WHAT THE TASK ASKS
Could you output, word for word, only the lines from the line with "Um travesseiro com" to the end of the entries, including both ends? Omit the pictures.

= Beginning of Section =

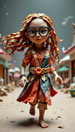 <lora:PaperStyleFlux:1>Made out of paper and origami, a PaperStyle Fashion photography, Native American, mid-twenty, woman, Medium hair, Marmaid waves hair, Dreadlocks, Blonde hair, Hairband, Asian eyes shape, Green eyes, Safety glasses, Large lips, Burgundy lips, Round with Soft Cheekbones face, Party makeup, Fearful, Tiny body, Running, Look into the distance, Bohemian dress, Ambient light, Scattering, starlight, Drizzle, Neutral gray background, Sunset background, Pentax K-1 Mark II, Point of view shot, Worm's-eye view
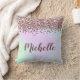 Um travesseiro com o Bing! Este travesseiro decorativo/almofada brilhante e brilhante tem um padrão brilhante de brilho cor-de-rosa espalhado por cima (por favor, note, impresso apenas) sobre um fundo bonito, de cor pastel macio. O design aparece em ambos os lados da almofada, e o nome personalizado pode ser facilmente personalizado ao personalizar este Modelo (acima).
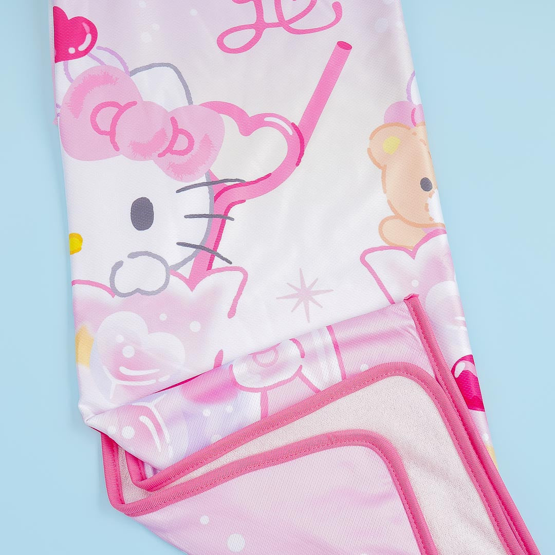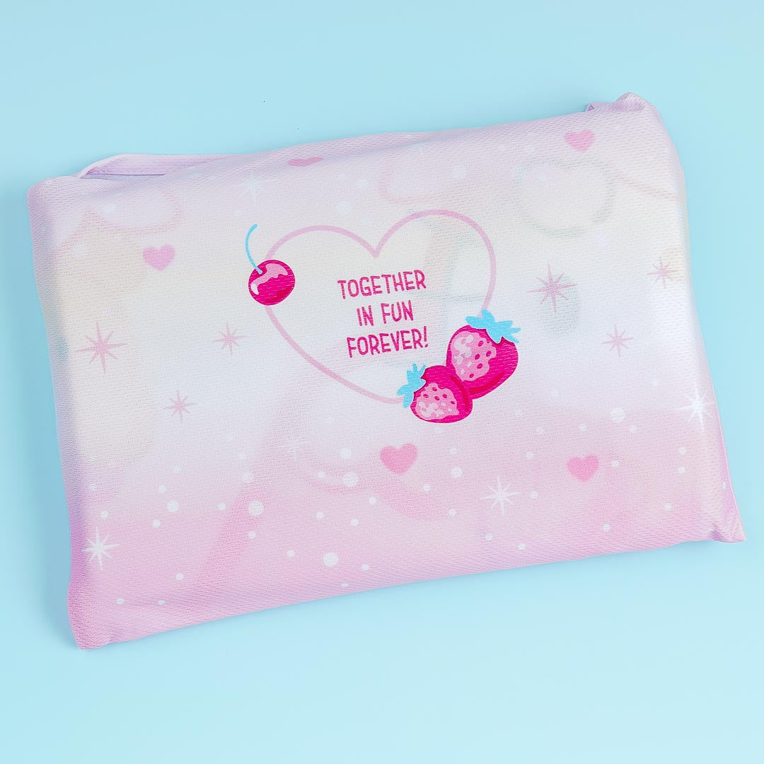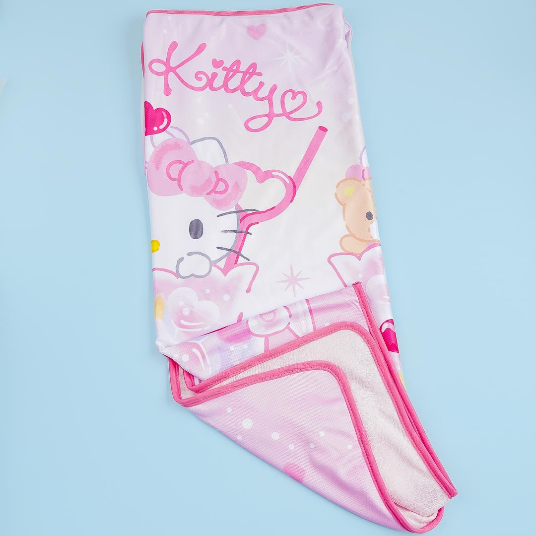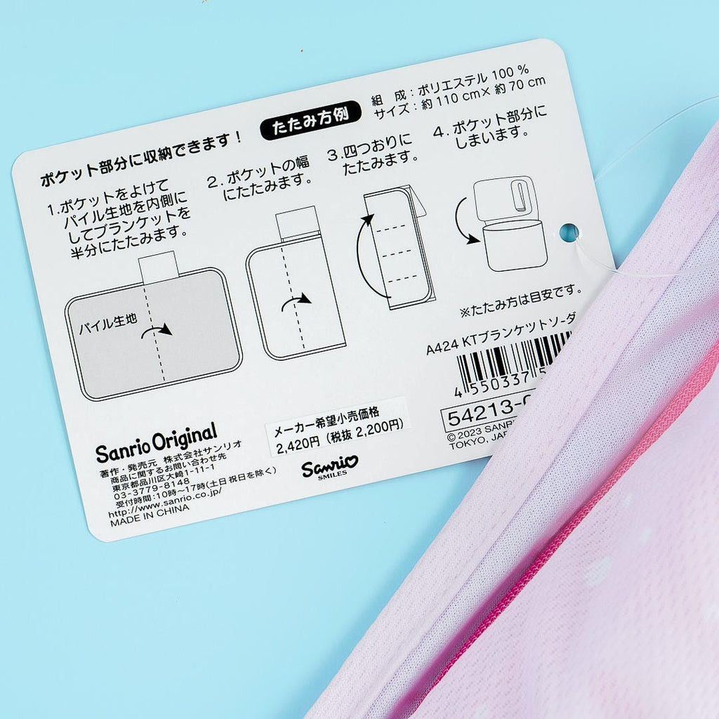 Take a comfy nap with this cute breathable blanket. It features cute prints of Hello Kitty with her bear friends in glasses of cream soda. The blanket also has a pocket you can fold the blanket into.
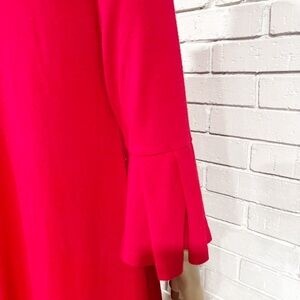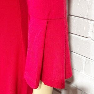 Chic knit red dress with stylish bell sleeves. Length 37.” Armpit to armpit measurement lying flat 19.” This typically corresponds to a Medium (M) size. Perfect for any occasion.
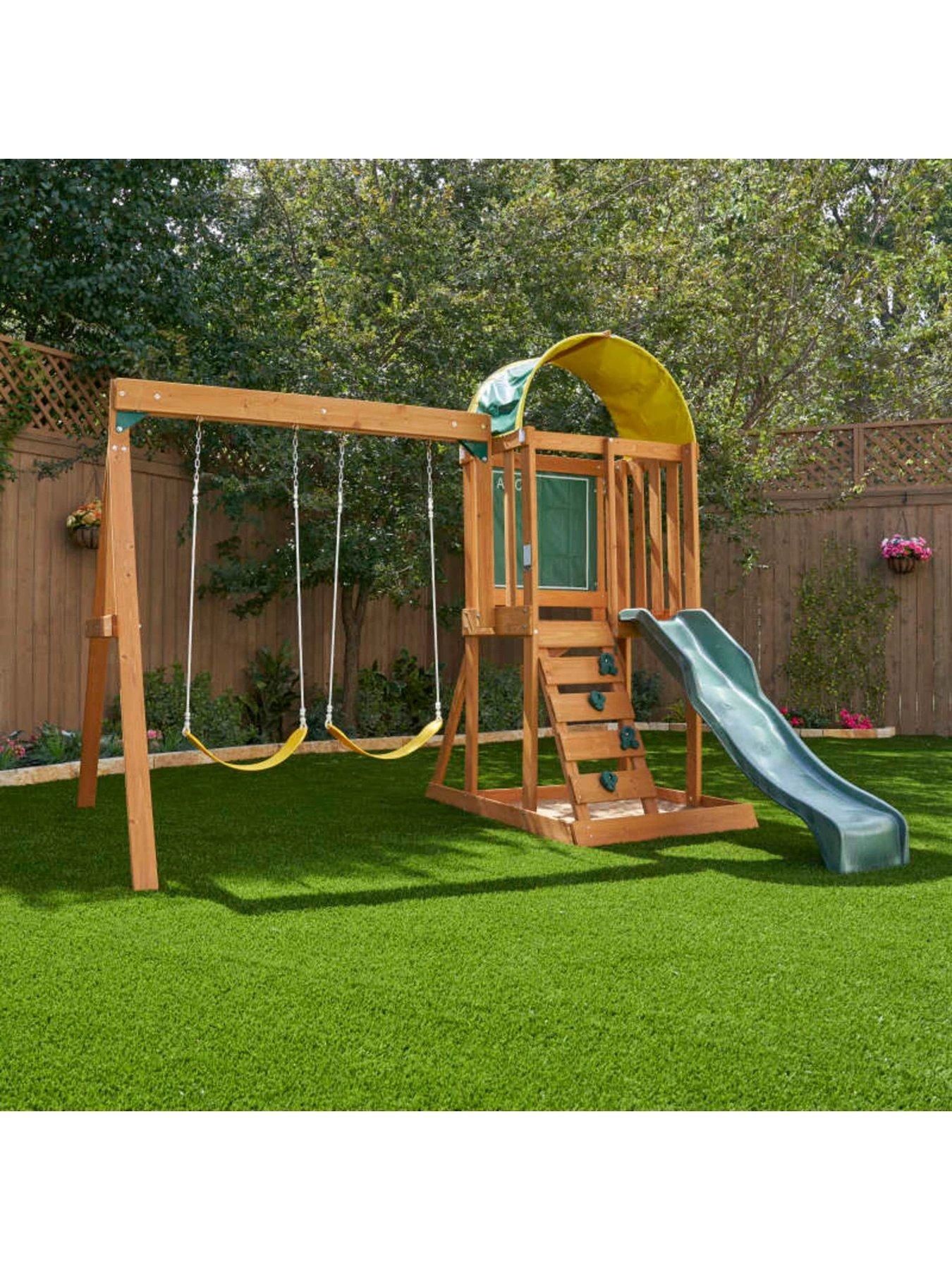 Underneath kids will find a spacious sandbox, and of course there’s also a set of 2 sturdy, bright yellow belt swings too! This really will keep them entertained for hours.

= End of Section =

REPLY
 Um travesseiro com o Bing! Este travesseiro decorativo/almofada brilhante e brilhante tem um padrão brilhante de brilho cor-de-rosa espalhado por cima (por favor, note, impresso apenas) sobre um fundo bonito, de cor pastel macio. O design aparece em ambos os lados da almofada, e o nome personalizado pode ser facilmente personalizado ao personalizar este Modelo (acima).
 Take a comfy nap with this cute breathable blanket. It features cute prints of Hello Kitty with her bear friends in glasses of cream soda. The blanket also has a pocket you can fold the blanket into.
 Chic knit red dress with stylish bell sleeves. Length 37.” Armpit to armpit measurement lying flat 19.” This typically corresponds to a Medium (M) size. Perfect for any occasion.
 Underneath kids will find a spacious sandbox, and of course there’s also a set of 2 sturdy, bright yellow belt swings too! This really will keep them entertained for hours.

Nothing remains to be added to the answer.